Merritt has never met his father, folk singer Scott Fagan.  Fagan have a brief affair with Merritt's mother, who was married to a man named Merritt at the time.

Scott Fagan then
Scott Fagan now
Scott Fagan doesn't seem to be playing with a full deck these days (if he ever was) -- I'd say he's at least half a bubble off plumb.  Click here to visit his website.  

This is what Fagan had too say when an interviewer asked him if had left Merritt and his mother when Stephin was just a year old:

No, I don't know where that story came from, the fact is I have never seen the little knobby noggin in my life, and I wasn't even sure that he existed until very recently.
Fagan then went on to compare himself to his very successful "little knobby noggin":

I am delighted to have become aware of Stephin and his music.  I'm amazed at how much alike we sound and further, how unbelievably familiar the song writing is to me considering that we have never met.  I'm equally amazed at the many parallels in our lives.  It is really extraordinary.
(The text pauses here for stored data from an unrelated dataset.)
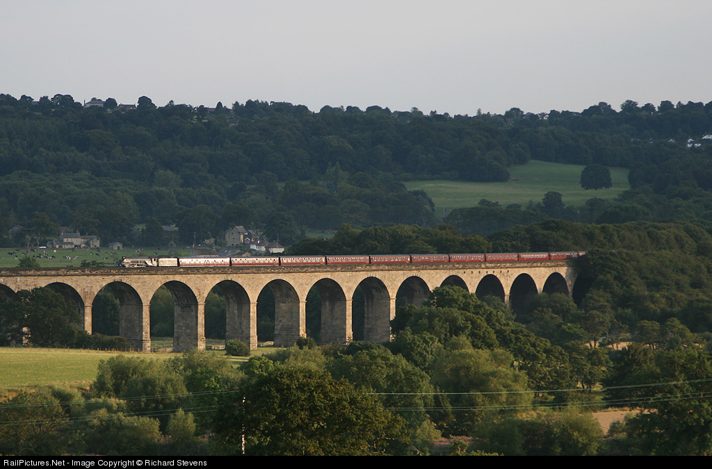 A4 'No.9' catches the light as it drops down from Bramhope tunnel across Arthington viaduct with the returning Scarborough Spa Express.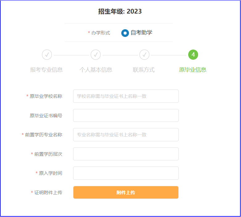 特别提醒:填写原毕业信息时,需注意下方附件说明。所有需要提交的附件如工作证明等,请一并上传在此处。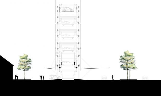 Garaža će imati formu kule sa transparentnim zidovima u kojima će se vozila parkirati u nivoima, a za one koji su u žurbi, postoji prolazni parking na kom se mogu zadržati samo onoliko koliko im je potrebno da napune bateriju vozila.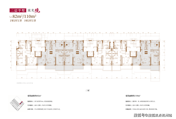 建面约82㎡2房2厅2卫/110㎡3房2厅2卫(三层上叠):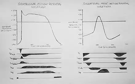 The cardiac action potential is a brief change in voltage (membrane potential) across the cell membrane of heart cells.[1] This is caused by the movement of charged atoms (called ions) between the inside and outside of the cell, through proteins called ion channels. The cardiac action potential differs from action potentials found in other types of electrically excitable cells, such as nerves. Action potentials also vary within the heart; this is due to the presence of different ion channels in different cells (see below).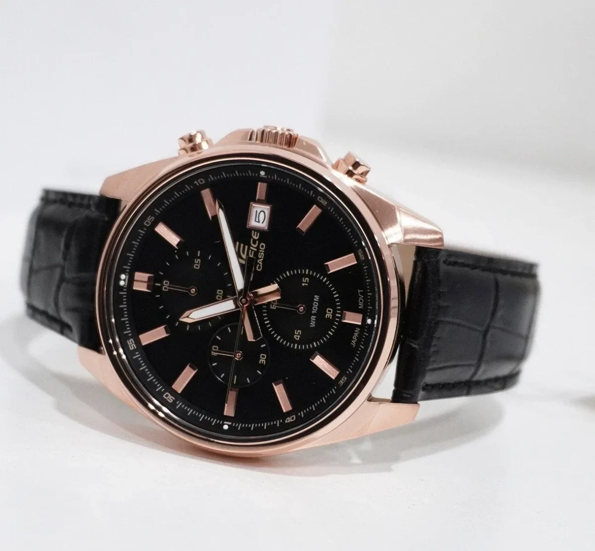 ساعت Casio Edifice EFV-610ECL-1A یکی از مدلهای پرفروش و محبوب سری ادیفایس است که با طراحی شیک، کیفیت ساخت بالا و عملکرد دقیق، انتخابی عالی برای آقایانی محسوب میشود که به دنبال ساعتی روزمره و در عین حال رسمی هستند. ترکیب صفحه مشکی با جزئیات رزگلد جلوهای جذاب و مدرن ایجاد کرده و بند چرمی مشکی نیز استایل ساعت را کامل میکند. این مدل به دلیل طراحی کلاسیک-اسپرت، برای استفاده در محیط کار، قرارهای رسمی و حتی فعالیتهای روزمره کاملا مناسب است.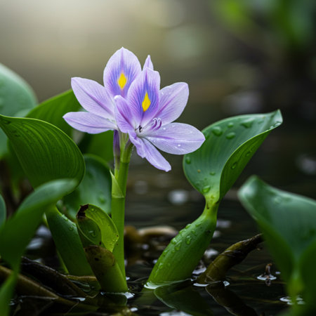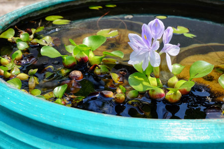 Beautiful purple flower of Common water hyacinth (Pontederia crassipes) with drops of water is growing among green leaves in the water garden in summer.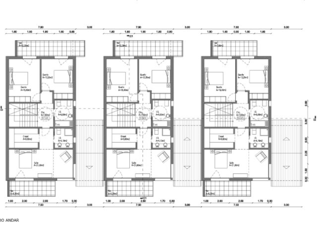 ** 3 quartos (2 quartos com roupeiro e varanda comum, 1 suite com casa de banho privativa, closet e varanda)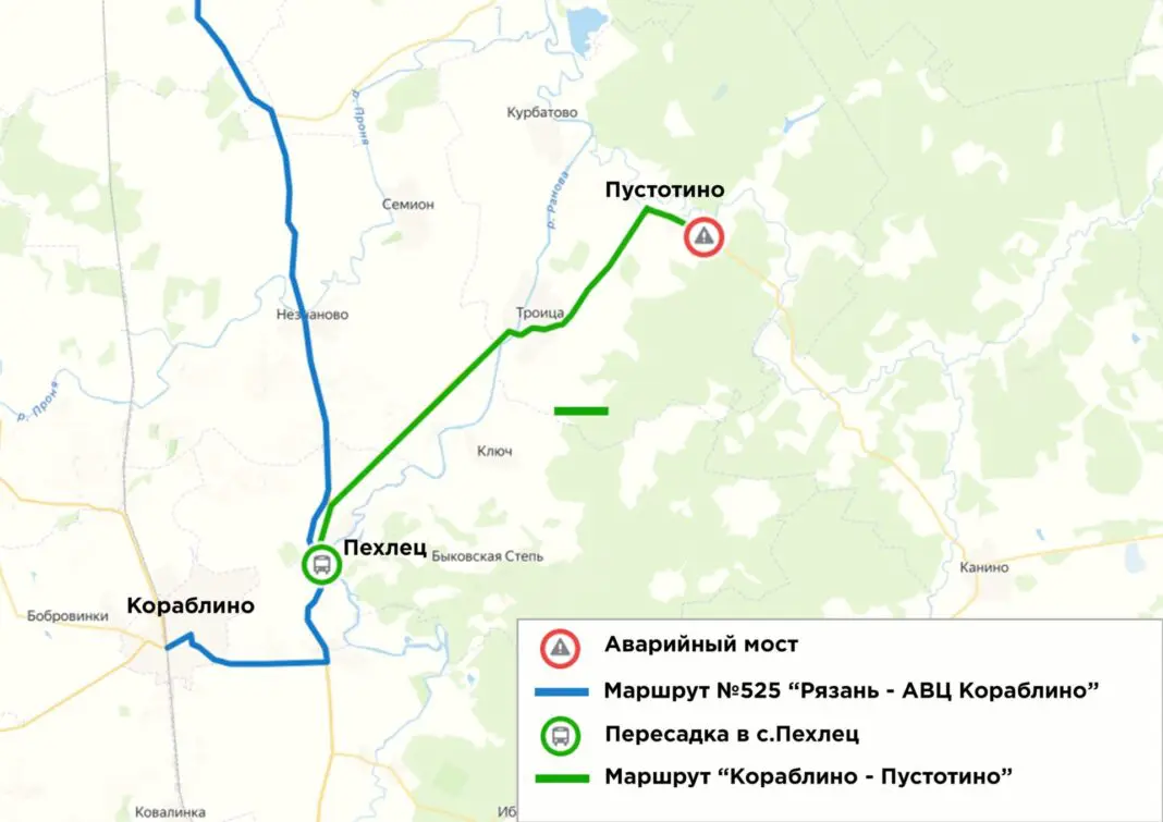 — пересадка в с. Пехлец на муниципальный маршрут «Кораблино — Пустотино» (3 раза в неделю по 3 рейса в день).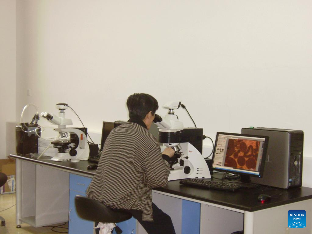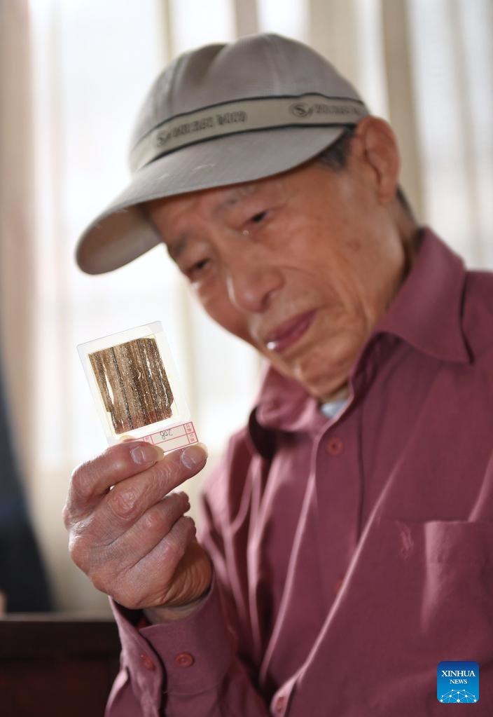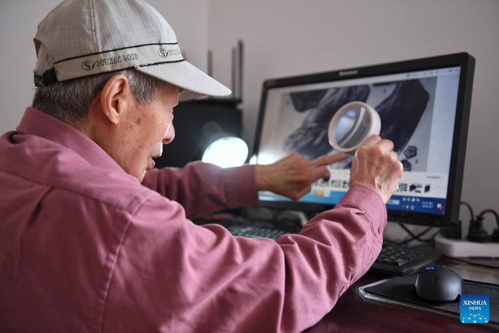 Wu Xichun observes a fossil fragment of Triassic siliceous sponge at home in Chengdu, southwest China's Sichuan Province, March 7, 2023. (Xinhua/Liu Kun)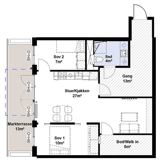 Super 3-roms leilighet med delvis adskilt stue og kjøkken. Utgang til vesvendt markterrasse på 13 kvm. fra stuen
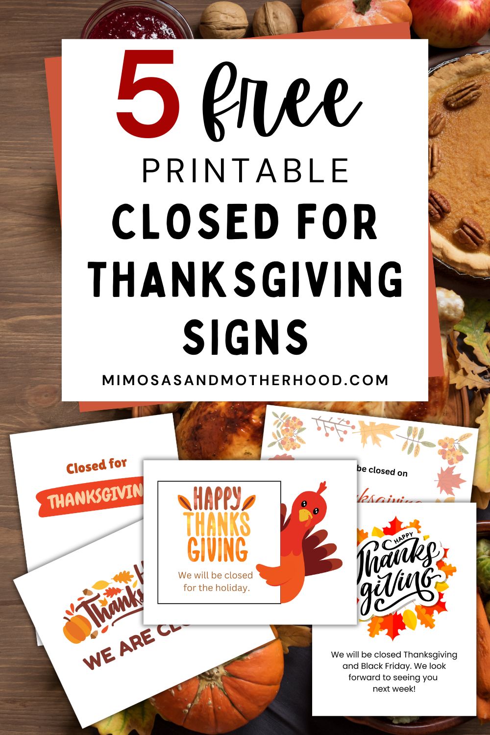 Free Printable Closed for Thanksgiving Signs (5 options) Mimosas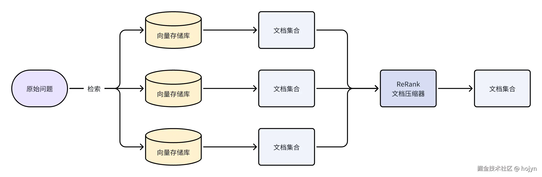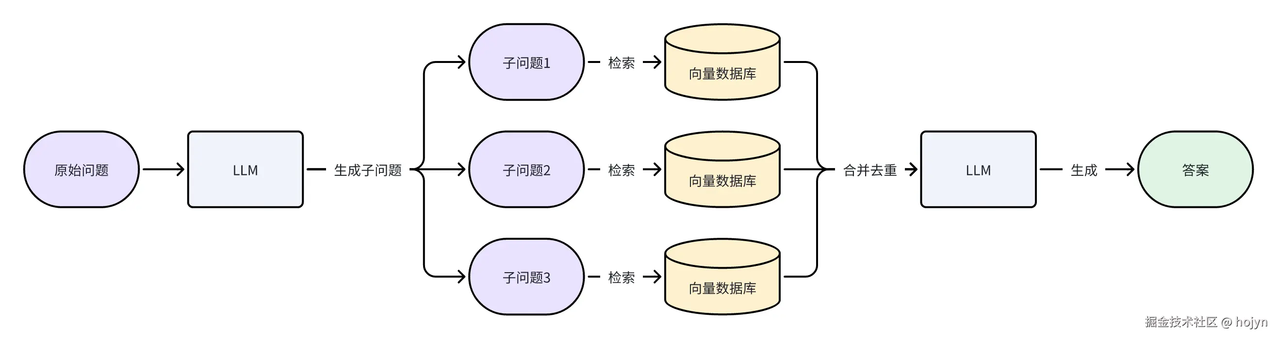 如果直接使用原始问题进行检索,可以因为用户的表述偏差导致检索不到相关的文档。多查询重写策略的核心思想是利用大语言模型(LLM)对原始问题进行扩展、分解或抽象,生成多个语义相关但视角不同的子查询,从而提高检索系统对用户意图的覆盖能力。这种方法能有效解决单一查询可能存在的表述偏差或信息不全问题。整体流程如下所示: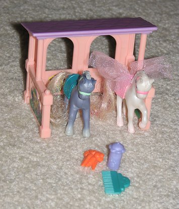 | Mid '90's Vintage Littlest Pet Shop Baby Pony Pairs. Comes with blue boy pony, pink girl pony, green saddle, pink saddle with lace, orange bunch of carrots, purple bottle, green hair brush, and peach stable with purple rook. Stickers may be peeling off on corners. They have magnets in their noses so they can nuzzle. Played with care. |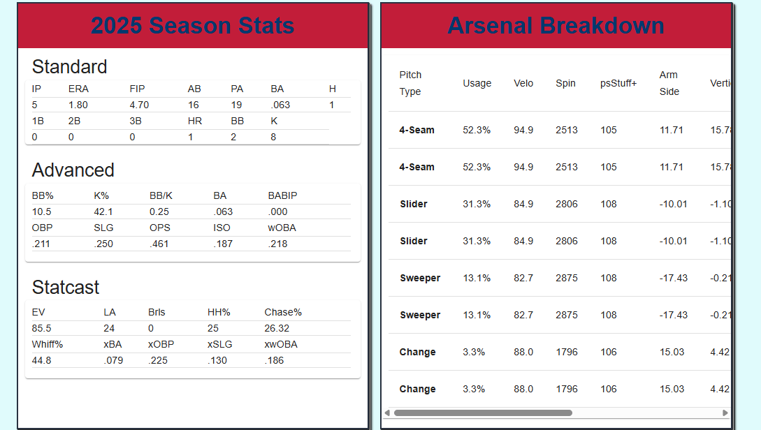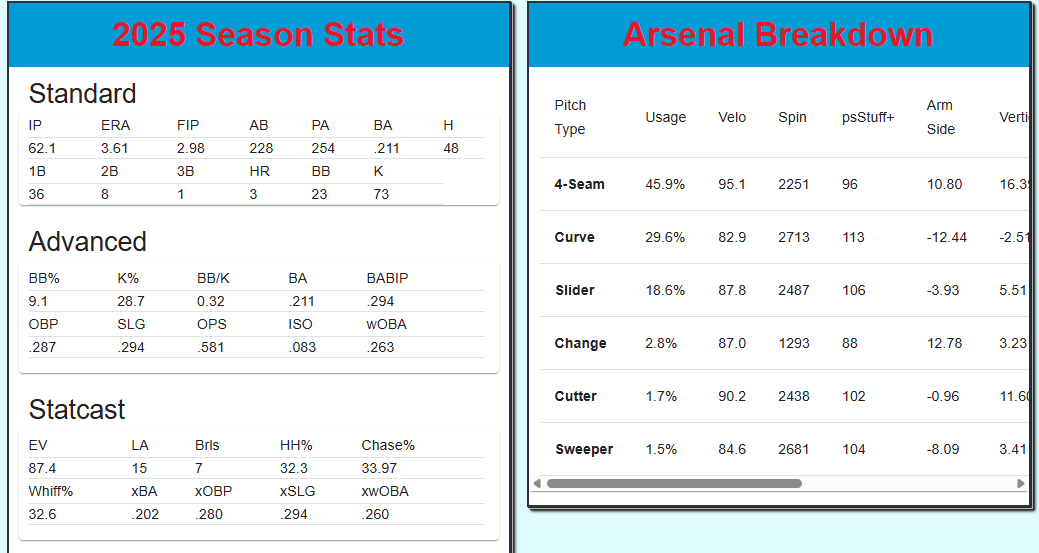 Forgive me, PS seems to have a slight bug with McGarry’s profile, but I still think sifting through the inconvenience is worth it to get a feel for McGarry’s usage and spin data. Once again, take these numbers with a grain of salt, as this was all that was produced at the AAA level in 2025. The Philly right-hander struck out 103 batters in 72 IP for Double A Reading this season, and walks were a little high, but out to the bullpen, you can live with that, posting a 3.24 ERA over that span as well. McGarry has the arm talent to potentially close games at the big league level. Mid-90s fastball with good carry and life at the top of the zone, two distinct breaking balls with high spin that should give him enough juice to really give hitters fits.

I am happy for his success.  I know better than most, how difficult a life in music can be.

However, Scott Fagan is not completely devoid of self-awareness:

I think that Stephin's manager, Claudia Gonson has done a really superb job for him.  My career, on the other hand, has been mismanaged by the most preserverent [sic] and defiant "idiot savant" I've ever known.  That would be me.  I wish them every possible success and happiness and look forward to meeting someday. 

Merritt is openly gay.  Claudia Gonson may or may not be gay.

Claudia Gonson
Read this quote from her and tell me what you think it means:

When we started Magnetic Fields we purposely had one lesbian, one gay guy, one straight woman, and one straight man. The audience could identify with whomever they wanted. I hang out with more gay women now, but I guess I'm more of a fag hag than a lezzie hag.

The Magnetic Fields have released almost a dozen albums over the past 20 years.  2 or 3 lines is very late to the Magnetic Fields party -- which is not exactly a man-bites-dog story.

Stephin Merritt
I'm not sure if I will ever be a big fan of the group's music, but I do know that this is a unique and noteworthy song.  Listen to it a time or two -- it does cast a certain spell.